For a moment, it was just the squeaking of shoes and the thump of the ball. “Any thought about going on another date? Without the stress of dead bodies this time?” Vaughn asked, and she shifted her feet to the floor.
“Maybe,” she said, her thoughts on Mikail. “But honestly, Vaughn, I’d rather take August.” Immediately her brow furrowed. What would he think about animals in cages?
Vaughn shook his head. “Classic. Dating a Neighbor is an excellent way to get involved with someone you can’t hope to have a lasting relationship with.”
She faced him, lips pressed. “Dude! Are you serious? Maybe I want to take him because I know he’d like to see some of our flora and fauna. Or because he’s a biologist who has been locked behind walls since he got here. I’m not self-sabotaging. You haven’t seen self-sabotaging,” she added, thinking of three years of self-imposed bait-and-switch she’d played with a handful of men who had only wanted to get to know her.
“Blah, blah, blah…” Vaughn made mocking finger motions, but he was smiling, laughing at her as if he knew her better than she knew herself. “August doesn’t have a snowball’s chance in hell of getting to the zoo. At least not without an overdone circus of media, poking and prying behind you. He’d be lucky to see two exhibits.” He hesitated, adding softly, “He’d have to sneak in after hours to have any hope of enjoying himself.”
God, my head hurts, she thought, pushing her fingers into her forehead. But he was right. Monroe and Hancock were busy with Tayler, and Yasmin was in full PR mode, putting out fires and scheduling the next three years of their lives. Sneaking him in might be the only way August would ever see the cheetahs. How hard could it be? If there was trouble, August could snap to the labyrinth. The zoo wasn’t that far away.

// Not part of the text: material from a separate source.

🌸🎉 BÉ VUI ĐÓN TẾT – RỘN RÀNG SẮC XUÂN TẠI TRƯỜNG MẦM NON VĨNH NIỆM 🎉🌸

“Okay, I’m off,” Vaughn said suddenly as he stood. “I need to terrorize Mimi. You don’t happen to know where she is, do you?”

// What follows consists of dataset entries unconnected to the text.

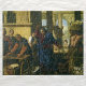 Vintage illustration religious design featuring Jesus Christ expelling the merchants and the money changers from the Temple. In this account, Jesus and his disciples travel to Jerusalem for Passover, where Jesus expels the merchants and money changers from the Temple, accusing them of turning the Temple into "a den of thieves" through their commercial activities.
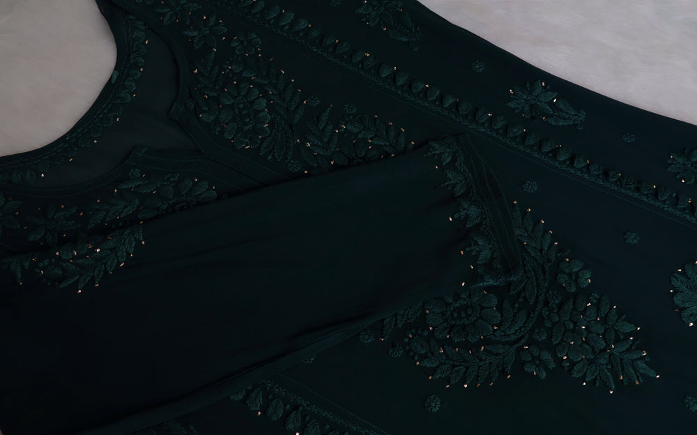 Heer Dark Green Viscose Georgette Kurta
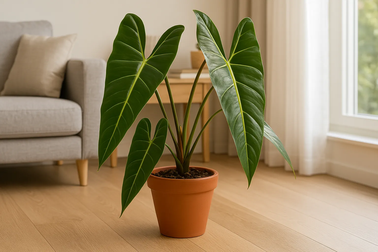Com regas regulares e substrato bem drenado, o filodendro Bernardo cresce forte e saudável.
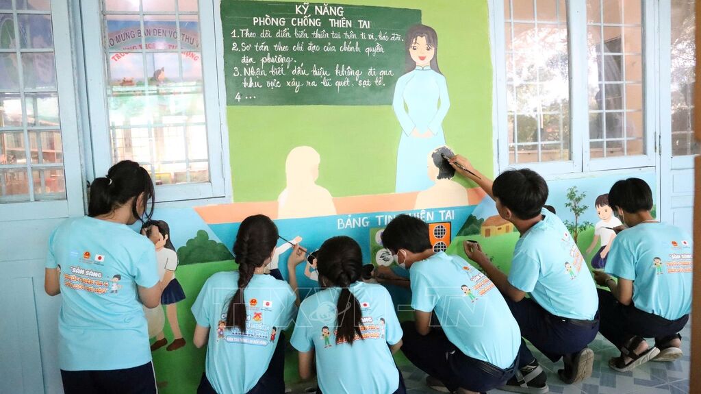 Bên cạnh đó, dự án tổ chức các hoạt động ngoại khóa như vẽ tranh tường “Sẵn sàng trước thiên tai và biến đổi khí hậu” và cuộc thi Rung chuông vàng “Cùng em phòng chống thiên tai – Kiến tạo tương lai bền vững” cho gần 1.500 học sinh thuộc ba trường trên địa bàn xã. Thông qua đó, các em được học hỏi, rèn luyện kỹ năng ứng phó với rủi ro, góp phần lan tỏa tinh thần chủ động phòng chống thiên tai trong trường học và cộng đồng.

“Ah, she might have gone with Jackson,” she said, focus vacant. “He’s off-site trying to track down Gorman.” Worry pinched her brow. If Jackson came back with nothing, she might never get the proof that Tayler was responsible for Han’s and Raphael’s deaths.

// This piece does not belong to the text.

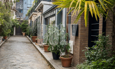 À Paris, dans le 17e arrondissement, rue Legendre, une grande maison bourgeoise, avec jardins d'été et d'hiver. Dissimulée derrière un immeuble, la maison bourgeoise, qui date de 1886, dévoile un extérieur de caractère. Demeure familiale d'environ 288 m², elle a été à une période récente utilisée comme hôtel meublé, puis réhabilitée dans sa fonction d'origine. Elle a conservé ses attributs d'époque, avec sa façade aux bandeaux de brique alternés blancs et rouges, ornée de vigne vierge, ses baies en arc surbaissé et ses garde-corps en fer forgé. L'accès par un jardin en jouissance privative, de près de 55 m², conduit, passé quelques marches en pierre, à la porte d'entrée en bois et ferronnerie, surmontée de sa marquise d'origine. Le rez-de-chaussée s'ouvre sur une entrée et un dégagement, au sol orné de carreaux de ciment, qui distribuent un salon, une salle à manger, un bureau et une grande cuisine. Les éléments de l'époque de la construction ont été conservés : le parquet à lames droites posé à l'anglaise, les moulures des plafonds et la petite cheminée en marbre. À l'arrière, un jardin d'hiver au sol carrelé, de près de 67 m², entièrement couvert d'une verrière, prolonge la maison et se prête à la détente, en toute saison. L'accès aux deux étages se fait par un escalier en bois avec rampe en fer forgé. Au premier, le palier ouvre sur un vaste salon avec une cheminée en marbre, un bureau, une chambre et une salle de bains, tous parquetés. Au second, le palier dessert quatre chambres lumineuses, une salle de bains et des toilettes. L'entresol, accessible par le rez-de-chaussée ou par le jardin d'hiver, ajoute à l'ensemble une belle surface. Il comprend un salon multimédia, une salle de musique, une salle d'eau et une buanderie. La vaste cave voûtée qui occupe tout le sous-sol de la maison laisse deviner l'occupation ancienne, par un négociant en champagne, dont elle a fait l'objet.

“I guess I’ll see if Yasmin has a moment.” Vaughn finger-punched a text. “Take a stroll down cover-up alley.” He tucked his phone away and wiggled his badge at her. “All access, all the time. Gotta love it,” he added. “Thanks for the chat!” he called, then step-thumped down the bleachers, where he caught an out-of-bounds bounce and tossed it back.
Frowning, Renee fingered her own all-access badge. Head hurting, she went to the steps and made her slow way to the floor with her thoughts on cheetahs and roasted almonds. What could it hurt to ask August if he had a couple of hours to go over some Earth species he might find interesting? That it would be at the zoo would be a surprise.
Had Jackson lifted their quarantine, or hadn’t he?